How I Built This (Lessons Learned)

1. Start with CLAUDE.md, add rules/agents later

The project brain came first. I began by documenting data sources, pipeline decisions, and findings. Rules and agents were added incrementally as pain points emerged (e.g., notation inconsistencies → notation-registry rule).

2. Rules for "always-on" constraints, skills for "on-demand" workflows

If something should be enforced in every interaction (notation, citation format), make it a rule. If it's a workflow you invoke occasionally (proofread a chapter), make it a skill.

3. The Opus escalation pattern

Most agents run on the default model (Sonnet), which is fast and cheap. The causal-inference agent runs on Opus because econometric methodology review requires deeper reasoning. This keeps costs low for routine tasks while preserving quality where it matters.

4. DO/DON'T lists prevent drift

After the first month, I noticed Claude occasionally suggesting approaches I'd already ruled out (e.g., td_adjusted as primary measure, foreign labor share as IV). Adding explicit "DO NOT suggest" lists in CLAUDE.md eliminated this.

5. Quality gates should never block

Early versions had quality scores that could prevent actions. This was frustrating — sometimes you need to write a rough draft. Making scores advisory-only (informational feedback, never blocking) was the right call.

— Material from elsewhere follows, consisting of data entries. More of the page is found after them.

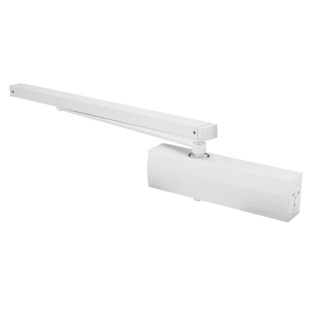 Mola de braço deslizante para portas – Montagem à superfície e instalação reversível – Abertura com força reduzida – Portas entre 25~100 kg e 850~1250 mm – Velocidade ajustável | Ajuste preciso da força – Apto para todos os tipos de portas
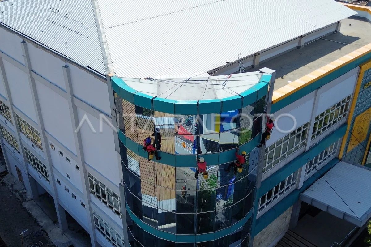 Foto udara pekerja membersihkan kaca dinding luar salah satu gedung di Sidoarjo, Jawa Timur, Sabtu (10/5/2025). Kementerian Ketenagakerjaan memperluas cakupan perlindungan kerja untuk meningkatkan kepastian perlindungan pada program Jaminan Kecelakaan Kerja (JKK) dan Jaminan Kematian (JKM) seiring perubahan diterbitkannya Peraturan Menteri Ketenagakerjaan atau Permenaker Nomor 1 Tahun 2025. ANTARA FOTO/Umarul /YU
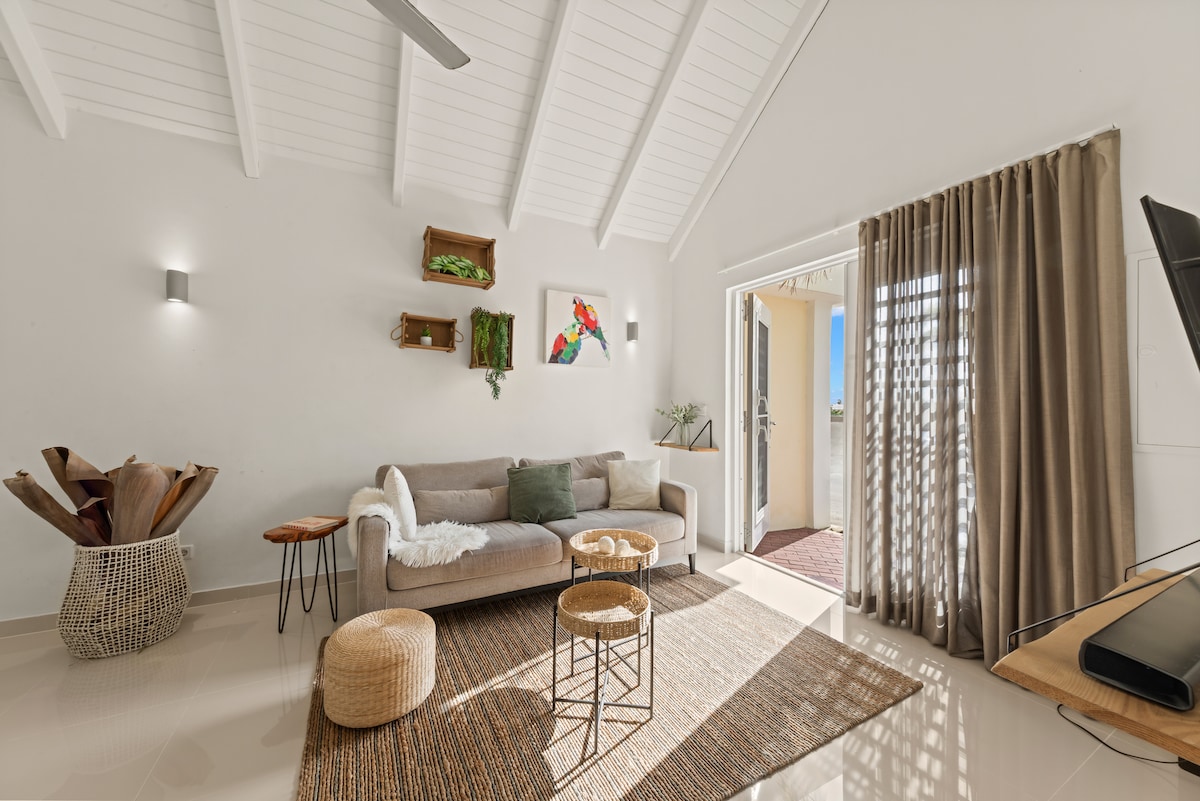 Nútímalegt og íburðarmikið einnar svefnherbergis bústaðurinn okkar er staðsettur í aðeins 5 mínútna akstursfjarlægð frá Jan Thiel-strönd og býður upp á allt sem þarf til að slaka á. Bústaðurinn er hannaður í heillandi stíl sem sækir innblástur til Ibiza og býður upp á rúmgott svefnherbergi, íburðarmikið en-suite baðherbergi og fullbúið eldhús. Slakaðu á í fallegum veröndargarði með einkasundlaug. Friðsælli staðsetningin, ásamt öllum nútímalegum þægindum, gerir þetta að fullkomnum stað til að njóta þess besta sem Curaçao hefur að bjóða.
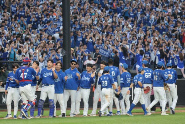 올해 KBO리그 연봉 상위 40명 합계 조사에서 1위에 오른 삼성 라이온즈. 사진은 지난 10월 19일 열린 플레이오프 2차전 한화와 경기에서 이긴 삼성 선수들이 승리를 자축하고 있다. 연합뉴스
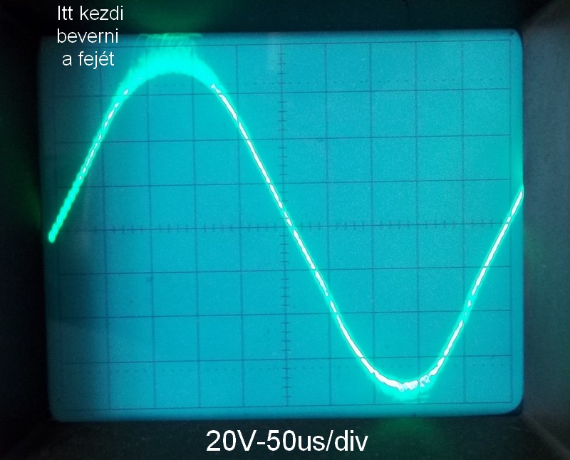 Közben meghidalódott. A 8 ohmos műterhelésre 54V effektív jött le, ami kb. 360W. A hiperszil trafós táp ekkor +/- 44V-ra esett, ami ha jól számoltam akkor 86%-os kivezérelhetőség. A fázisfordító ellenállásai picit eltérnek, ezért a fordított jel néhány %-al nagyobb, ami miatt torzít valamennyit. Nem tudom miért de a fázisfordítóra érzékeny is, ha +/- 12V-ról tápláltam az IC-t (TL071) akkor olyat torzítottak a végfokok, hogy majdnem háromszög volt a kimeneten a szinusz helyett. Most +/- 9V-ról megy, így jó. A rövidzár védelem is szuper, de lehet hogy megnyújtom az időt hogy ne kapcsoljon vissza csak mondjuk fél percenként. Attól még tartok hogy a kapcsitáp majd nem fog neki tetszeni. |
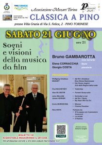 Concerto del 21 giugno – ore 21:00“Sogni e visioni della musica da film” con Bruno Gambarotta, Giorgio Costa ed Elena Cornacchia.Giardino di Villa Grazia, Via San Felice, 2 – Pino TorineseBiglietto: 15 euroAcquisto online: https://www.clappit.com/biglietti/classica-a-pino-2025-21-giugno-2025-giardino-villa-grazia-san-felice-33131.html

6. The session log is underrated

The chronological log at the bottom of CLAUDE.md ("Session Log") seems simple, but it's crucial. When you return after a week, it tells you exactly where you left off and what decisions were made.


Thesis Context

Title: Automation and Political Ideology: Task Displacement Effects on Ideological Positioning in the United States

Research Design:

  • Shift-share (Bartik) identification: industry-level automation shocks × base-year employment composition
  • Two-Way Fixed Effects (TWFE) on a pseudo-panel of 18 demographic groups × 9 election cycles (2006–2022)
  • Primary outcome: IRT ideology scores (continuous); secondary: Republican vote share
  • Geographic extensions at the state level (882 state×group cells) and commuting zone level (722 CZs)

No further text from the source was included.